EXTRACTED MATERIAL section start

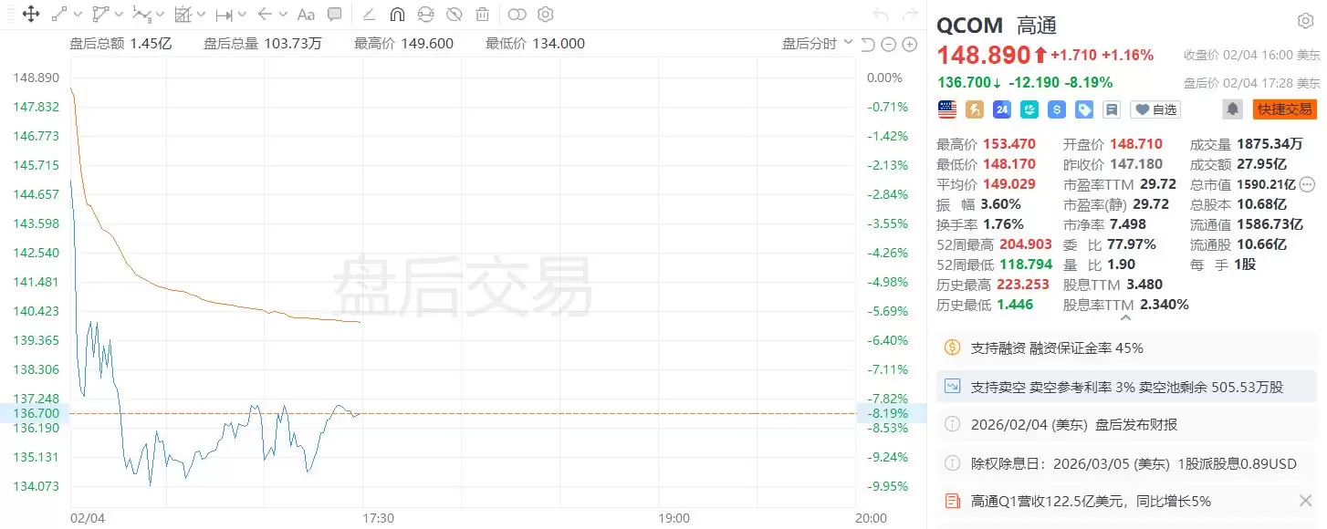 北京时间2月5日,高通股价出现显著回落,下跌超过8%,报收于136.7美元。该公司最新发布的第一财季业绩显示,经调整后的营收为122.5亿美元,与分析师的普遍预期122亿美元基本持平。
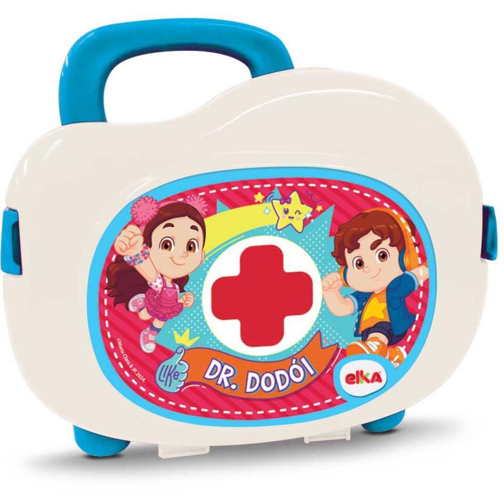 Dr. Dodoi e um kit de maletinha. que vem com termometro para medir a temperatura, otoscopio para examinar os ouvidos, estetoscopio para ouvir o coracao e os pulmoes, curativo para cuidar daquele machucado e ate gesso para engessar um braco quebrado! Tudo isso guardados em uma maleta pratica que ajuda a crianca a levar a brincadeira para onde quiser!
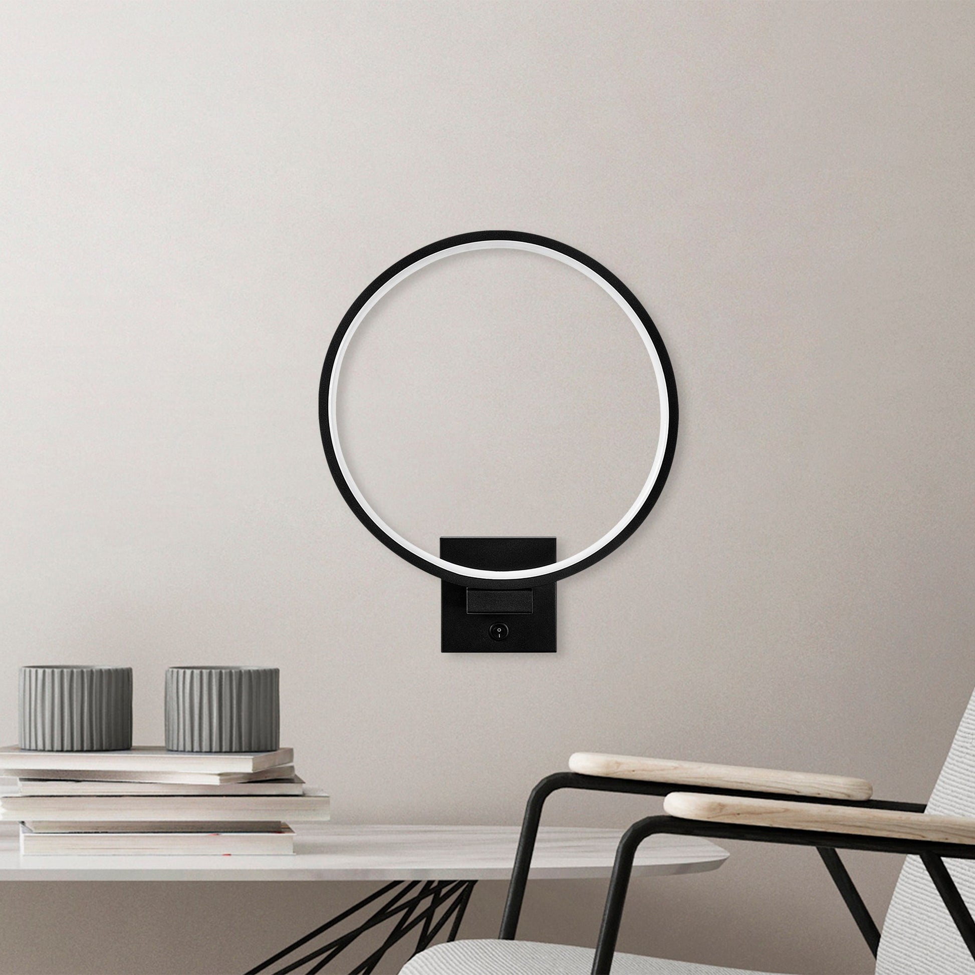 Candeeiro de Parede preta elegante, corpo de metal, 30 x 36 x 9 cm | LED integrado 12 W 3000 K | Classificação IP20, cabo de 200 cm | Perfeito para decoração e iluminação de casa moderna
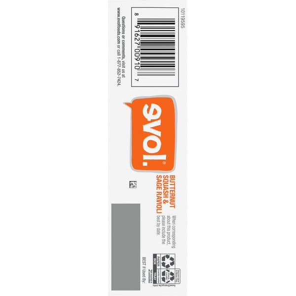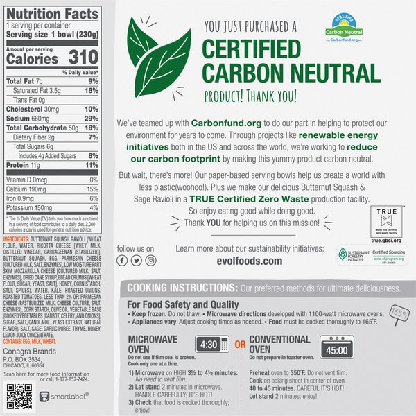 • One 8.13 oz. Evol Butternut Squash & Sage Ravioli, Vegetarian, Single Serve Frozen Meal
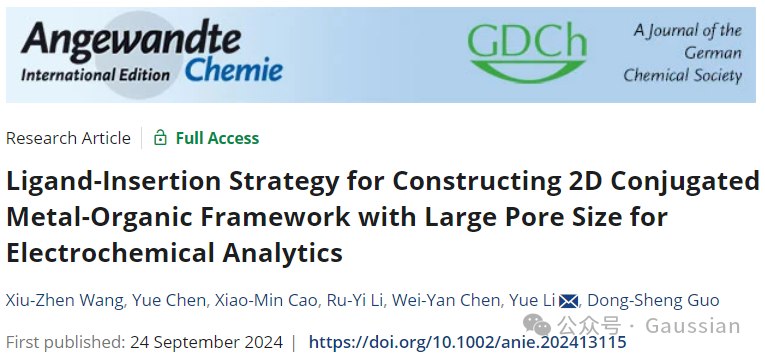2024年9月24日,Betway必威郭东升、李悦团队在Angew. Chem. Int. Ed.期刊发表题为“Ligand-Insertion Strategy for Constructing 2D Conjugated Metal-Organic Framework with Large Pore Size for Electrochemical Analytics”的研究论文,团队成员王秀珍为论文第一作者,李悦为论文通讯作者。
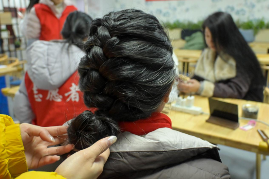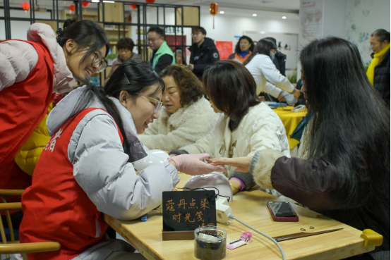 “蔻丹点染时光笺”美甲服务区,志愿者们化身“美甲师”,耐心地为社区阿姨和女孩们涂抹蔻丹,点缀指尖,让平凡的日子也染上靓丽的色彩。“青丝绾就春风结”编发区同样人气高涨,志愿者们手法灵巧,为居民梳理青丝,编出或简约或精致的发型,一绾一结间,绾住了春风,也系紧了邻里情。在“绘影玲珑映流年”摄影区,志愿者们用镜头捕捉居民们的幸福笑颜,定格下一个个温馨美好的瞬间,为他们留下珍贵的时光印记。“竹丝编就玲珑灯”手工体验区则吸引了众多居民动手参与,大家在志愿者的指导下,将一根根竹丝巧妙编织,制作成一盏盏精巧的玲珑灯,感受传统手工艺的魅力和乐趣。
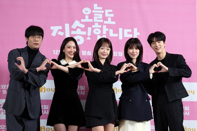 배우 최다니엘(왼쪽부터), 장희령, 전소민, 공민정, 김무준이 KBS Joy 새 드라마 '오늘도 지송합니다' 제작발표회에서 포즈를 취하고 있다. / 뉴스1
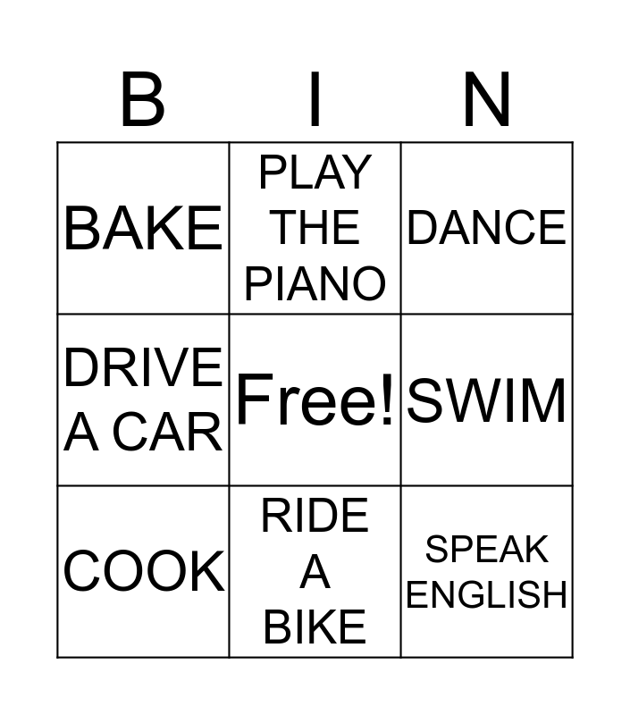 This bingo card has a free space and 8 words: SWIM, DANCE, PLAY THE PIANO, COOK, BAKE, SPEAK ENGLISH, DRIVE A CAR and RIDE A BIKE.
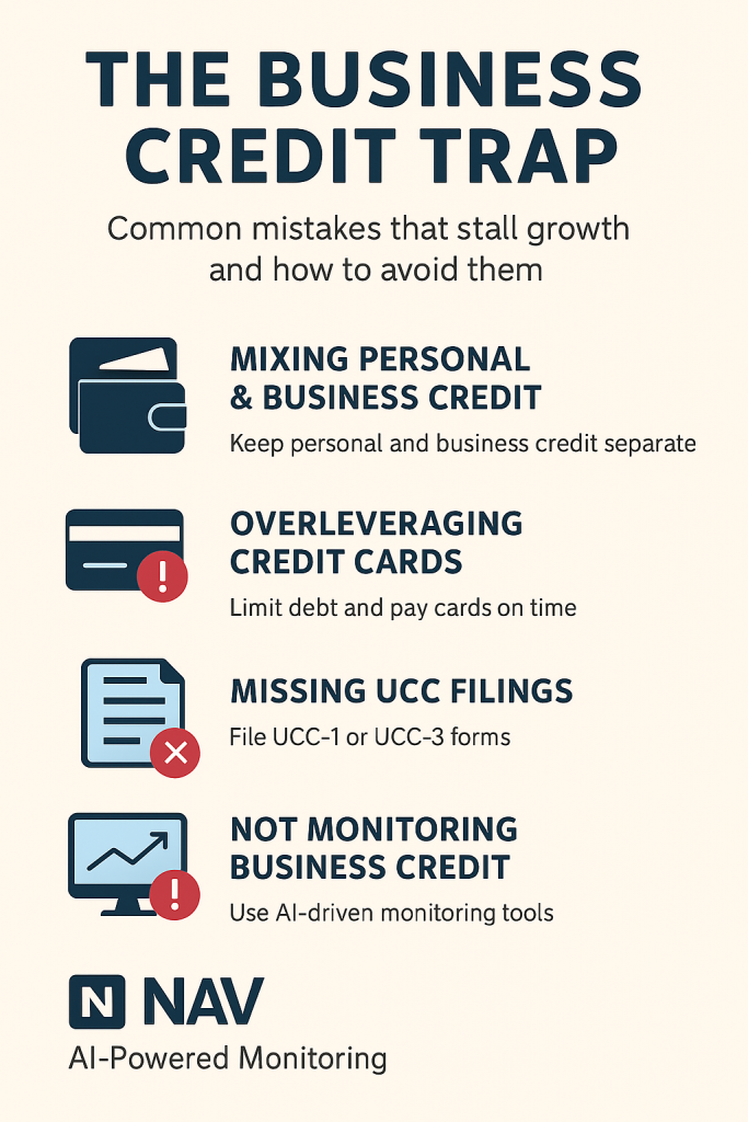 The business credit trap is not one big misstep. It is a series of small, often invisible mistakes that compound over time. Overleveraging cards, ignoring UCC filings, mixing personal and business credit, overlooking vendor reporting, failing to monitor scores, and neglecting cash flow are all avoidable pitfalls.
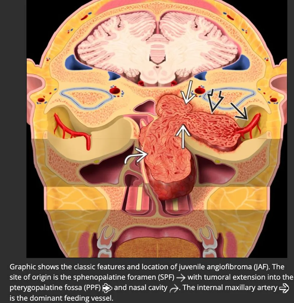 <b>Juvenile nasopharyngeal angiofibroma commonly </b>spreads from the sphenopalatine foramen into the {{c1::<u>nasopharynx</u>}} and {{c2::<u>pterygopalatine fossa</u>}} with associated bony remodeling

EXTRACTED MATERIAL section end

ACTION ITEM: From the first line of the entries above down to the line holding "This bingo card", quote each line exactly and nothing else, skipping pictures.

OUTPUT BELOW:
 北京时间2月5日,高通股价出现显著回落,下跌超过8%,报收于136.7美元。该公司最新发布的第一财季业绩显示,经调整后的营收为122.5亿美元,与分析师的普遍预期122亿美元基本持平。
 Dr. Dodoi e um kit de maletinha. que vem com termometro para medir a temperatura, otoscopio para examinar os ouvidos, estetoscopio para ouvir o coracao e os pulmoes, curativo para cuidar daquele machucado e ate gesso para engessar um braco quebrado! Tudo isso guardados em uma maleta pratica que ajuda a crianca a levar a brincadeira para onde quiser!
 Candeeiro de Parede preta elegante, corpo de metal, 30 x 36 x 9 cm | LED integrado 12 W 3000 K | Classificação IP20, cabo de 200 cm | Perfeito para decoração e iluminação de casa moderna
 • One 8.13 oz. Evol Butternut Squash & Sage Ravioli, Vegetarian, Single Serve Frozen Meal
2024年9月24日,Betway必威郭东升、李悦团队在Angew. Chem. Int. Ed.期刊发表题为“Ligand-Insertion Strategy for Constructing 2D Conjugated Metal-Organic Framework with Large Pore Size for Electrochemical Analytics”的研究论文,团队成员王秀珍为论文第一作者,李悦为论文通讯作者。
 “蔻丹点染时光笺”美甲服务区,志愿者们化身“美甲师”,耐心地为社区阿姨和女孩们涂抹蔻丹,点缀指尖,让平凡的日子也染上靓丽的色彩。“青丝绾就春风结”编发区同样人气高涨,志愿者们手法灵巧,为居民梳理青丝,编出或简约或精致的发型,一绾一结间,绾住了春风,也系紧了邻里情。在“绘影玲珑映流年”摄影区,志愿者们用镜头捕捉居民们的幸福笑颜,定格下一个个温馨美好的瞬间,为他们留下珍贵的时光印记。“竹丝编就玲珑灯”手工体验区则吸引了众多居民动手参与,大家在志愿者的指导下,将一根根竹丝巧妙编织,制作成一盏盏精巧的玲珑灯,感受传统手工艺的魅力和乐趣。
 배우 최다니엘(왼쪽부터), 장희령, 전소민, 공민정, 김무준이 KBS Joy 새 드라마 '오늘도 지송합니다' 제작발표회에서 포즈를 취하고 있다. / 뉴스1
 This bingo card has a free space and 8 words: SWIM, DANCE, PLAY THE PIANO, COOK, BAKE, SPEAK ENGLISH, DRIVE A CAR and RIDE A BIKE.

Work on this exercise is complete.